Is Republican control of the House in jeopardy?

Last night, I wrote:

Before the threat of a partial shutdown became apparent, few were talking about the Republicans losing the House. Now, we’re hearing such talk, backed up by at least some evidence.

The evidence I cited was a PPP poll of 24 House districts taken after the partial shutdown began. It found that registered voters in 17 of those districts favored a generic Democratic challenger over the incumbent Republican. Democrats need to pick up 17 seats in the 2014 election to take control of the House.

To be clear, I wasn’t suggesting that such a takeover is likely; only that it has become “thinkable.” Has it?
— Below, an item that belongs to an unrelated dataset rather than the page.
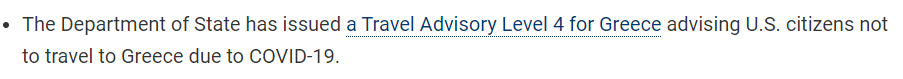 Ναι, οι Η.Π.Α. μας έβαλαν στο κόκκινο (Do Not Travel). Δείτε όμως τον πανευρωπαϊκό χάρτη:
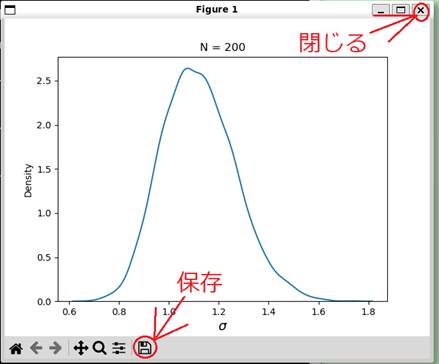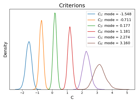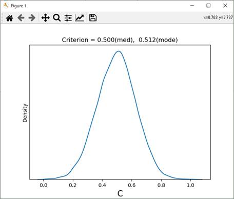 図A.1のフォームを右上角のX印をクリックして閉じると、次に判断基準Cの事後分布のグラフが表示される(図A.2)。

PPP is a partisan operation. As Jim Geraghty notes, citing Stuart Rothenberg, its surveys often are intended to boost Democratic recruiting, fundraising or prospects. This poll reportedly was commissioned by MoveOn.org. In all likelihood, its purpose was to create a helpful narrative about the political repercussions of the shutdown and the nature of the midterms.

This doesn’t mean that the PPP poll necessarily is wrong or dishonest. But there are issues with it. As Rothenberg points out:

The “polls” did not include head-to-head ballot tests of likely nominees (even though the surveys could have included candidate names in many contests), but instead relied on a messy question that was part “re-elect” and part “generic ballot.” The results are of little or no use because that is not the choice voters will face on Election Day.

Moreover, at least five of the 17 Republicans who are “losing” either have no serious opposition or have less-than-top-tier opponents at this point: Steve King (Iowa’s 4th District), Andy Barr (Kentucky’s 6th), Kerry Bentivolio (Michigan’s 11th), Patrick Meehan (Pennsylvania’s 7th) and Sean P. Duffy (Wisconsin’s 7th). Bentivolio may not survive a GOP primary.

To be fair, polling performed more than a year before the election that tests the strength of an incumbent against generic opposition doesn’t strike me as entirely out-of-line. Republican commentators frequently make much of the fact that a Democratic incumbent can’t get to 50 percent support, even if the incumbent is outpacing possible rivals or no such rivals have yet emerged.

However, the PPP poll was prefaced with the claim that the incumbent House Republican is responsible for the shutdown. To be sure, a majority of voters hold congressional Republicans primarily responsible for the shutdown right now. But this view is hardly axiomatic or universal. Even a Daily Kos writer had to acknowledge that the PPP poll assumes

an ideal environment where one side is able to widely disseminate its preferred message, without pushback or interference from the other side. In other words, a scenario nothing like what you encounter in the real world.

That said, though, these polls show that hammering Republicans over the shutdown has the potential to be effective across a very diverse array of districts.

I conclude that the partial shutdown has made a change in control of the House thinkable, but not likely. The impact of additional jolts of this nature cannot be predicted. But since Republicans still have the upper hand, Democrats have more to gain politically, when it comes to the House anyway, from new jolts.